# maltese tearing and hair poking



## Didi97 (Mar 16, 2017)

Hi. I am a new maltese mommy who wants some information about tear staining and hair growing from who have full coat maltese.
I brought him from a good breeder, and he had tear stain since he was puppy teething. He is 10 month old now, so removed the teeth. I have been caring the stain for several month and it got much better. However, the problem is his hair stylist cut the hair around the eyes and I am trying to let the hair grow. The breeder said that I have to trim the hair around his eyes a little bit so that the hair don't irritate his eyes. Do you think that the hairs won't irritate his eye when his hair grow long? what should I do to keep away his hair from the eye?
(please check my maltese's current hair length)

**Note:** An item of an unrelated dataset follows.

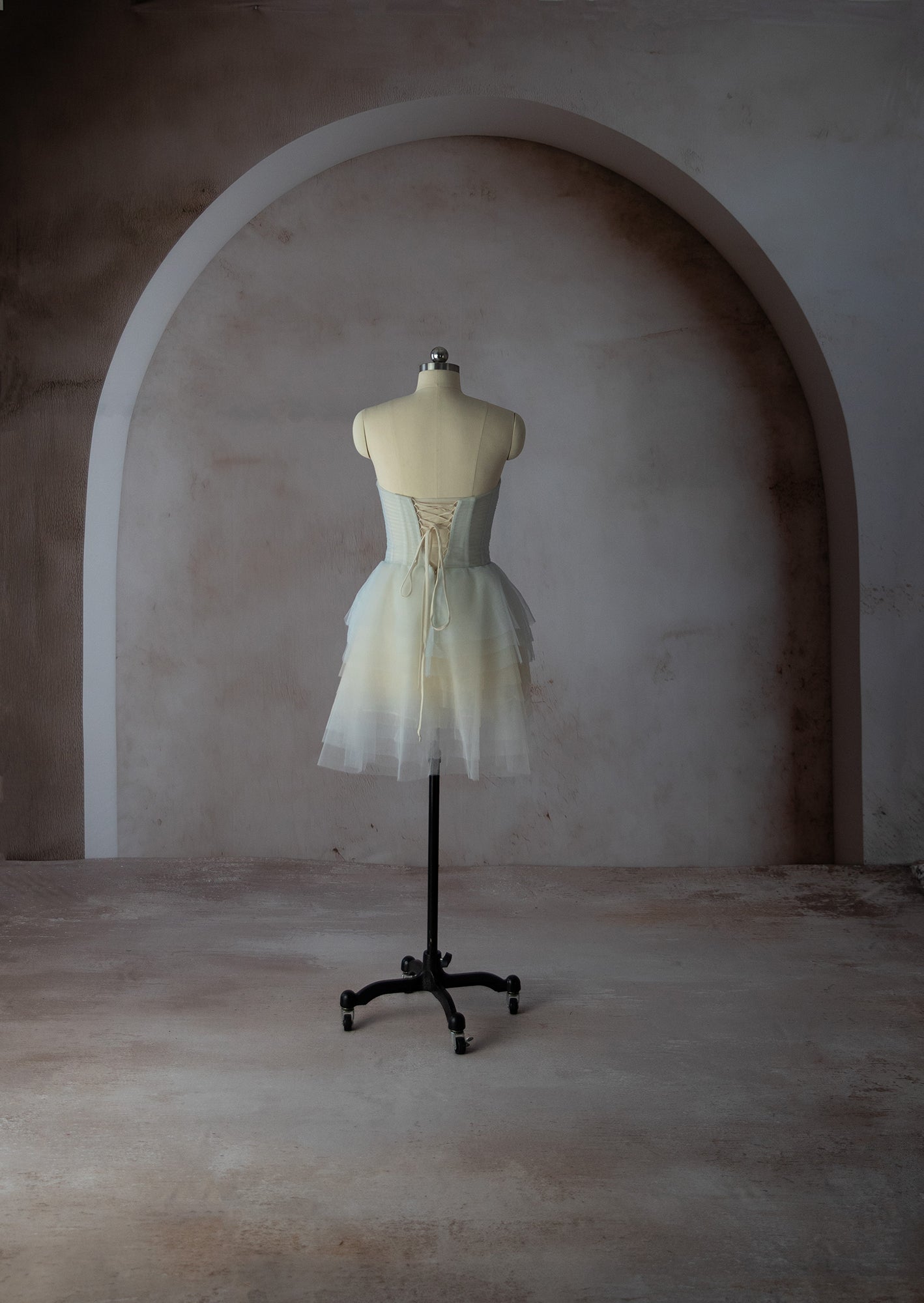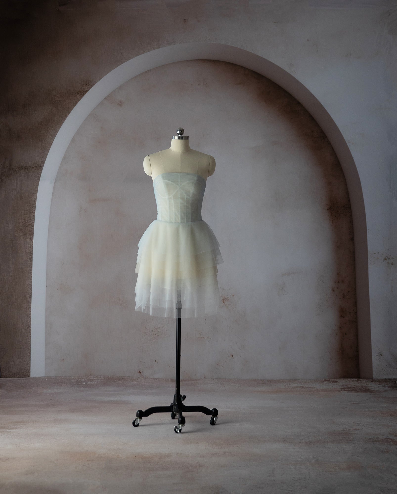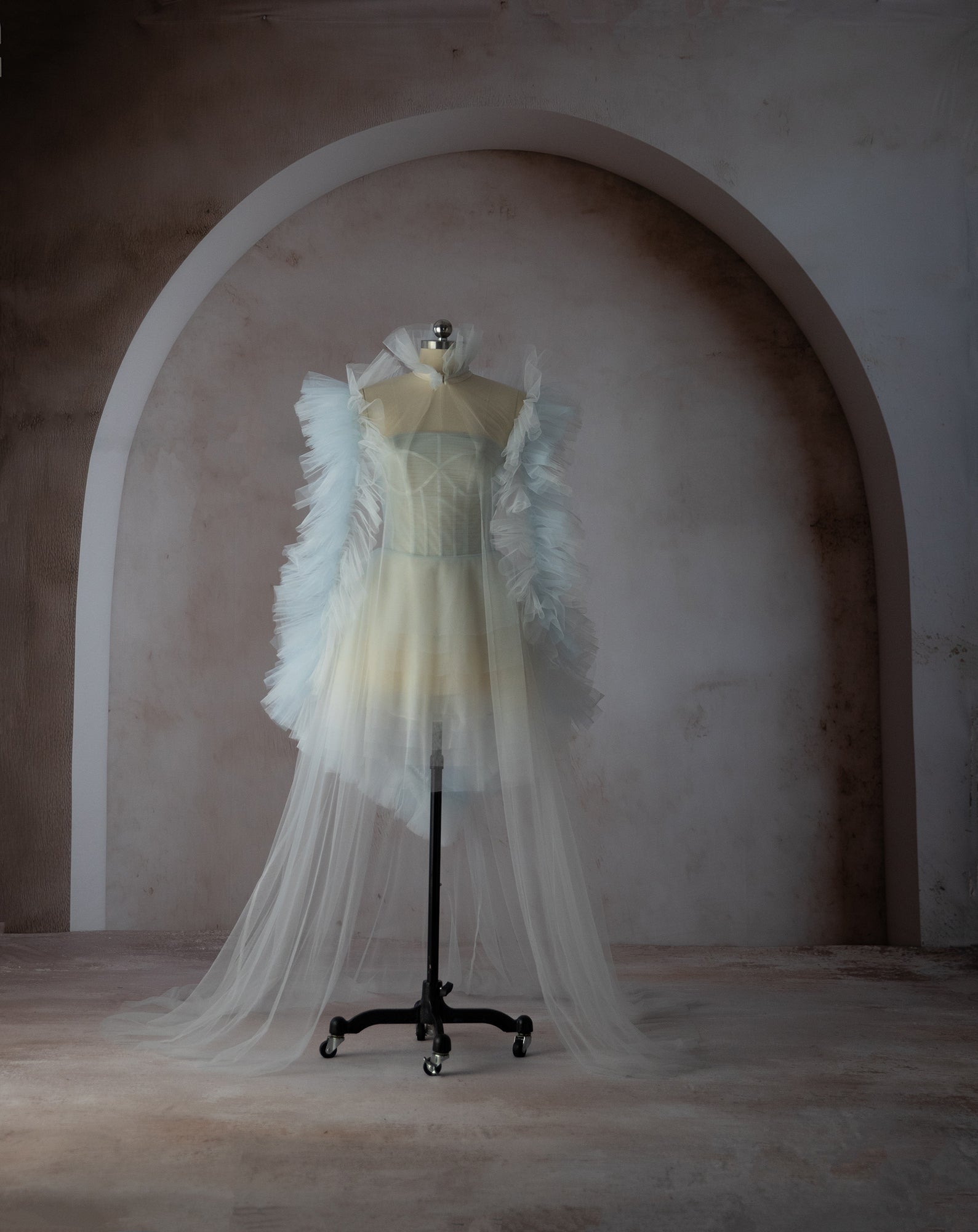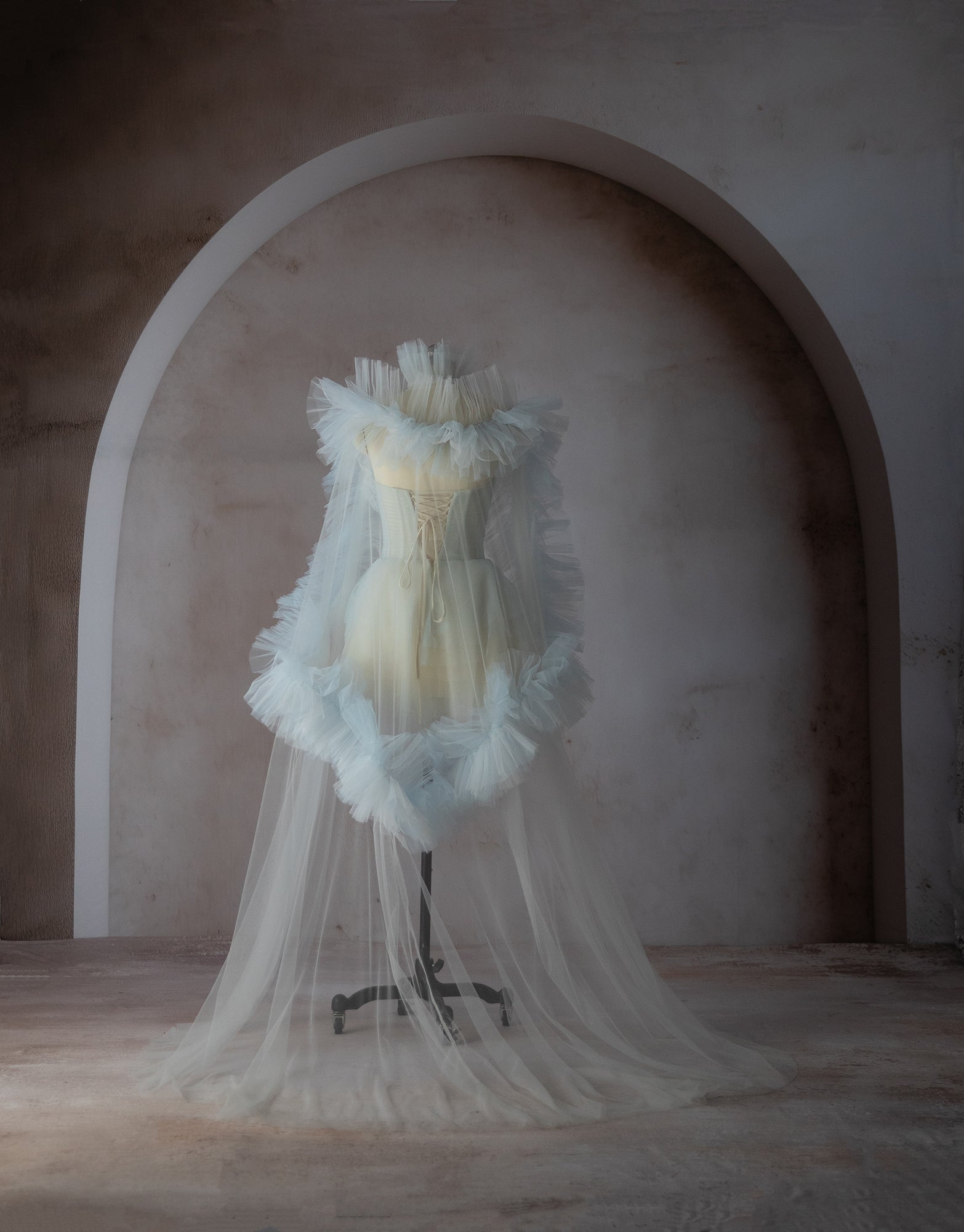 The Gracie Key Gown is a custom made to order gown. Strapless gown with deconstructed corset top, sheer bodice and skirt. Features white a light blue tulle with ruffles galore. Can be purchased as a gown and cape set or pieces sold separately.

Do you always tie your baby's muzzle hair?


----------



## Polly's mom (Apr 29, 2013)

I found it better for Polly to not cut the hair, just comb. Because, yes, as it grows out it will poke the eye. He will have more tear production while teething so that will slow now. Do not let the groomer cut around his eyes!


----------



## ckanen2n (Jan 2, 2012)

I think this may also depend upon the type of hair your dog has. Some may always have those wispy baby hairs that fall down. I tried for years to not cut hair around the eyes. My boys are 4 & 5 yo and I recently started trimming a little more under the eyes and on top of the nose. My dogs have very short noses, which is adorable, but I think a shorter muzzle makes it harder to keep hair out of eyes. Always a problem with hair on muzzle sticking up, so I finally trimmed that too! Now considering cutting off topknots, since my arthritis is bad and also everyone always thinks my boys are girls! Pretty boys, I say! :wub:


----------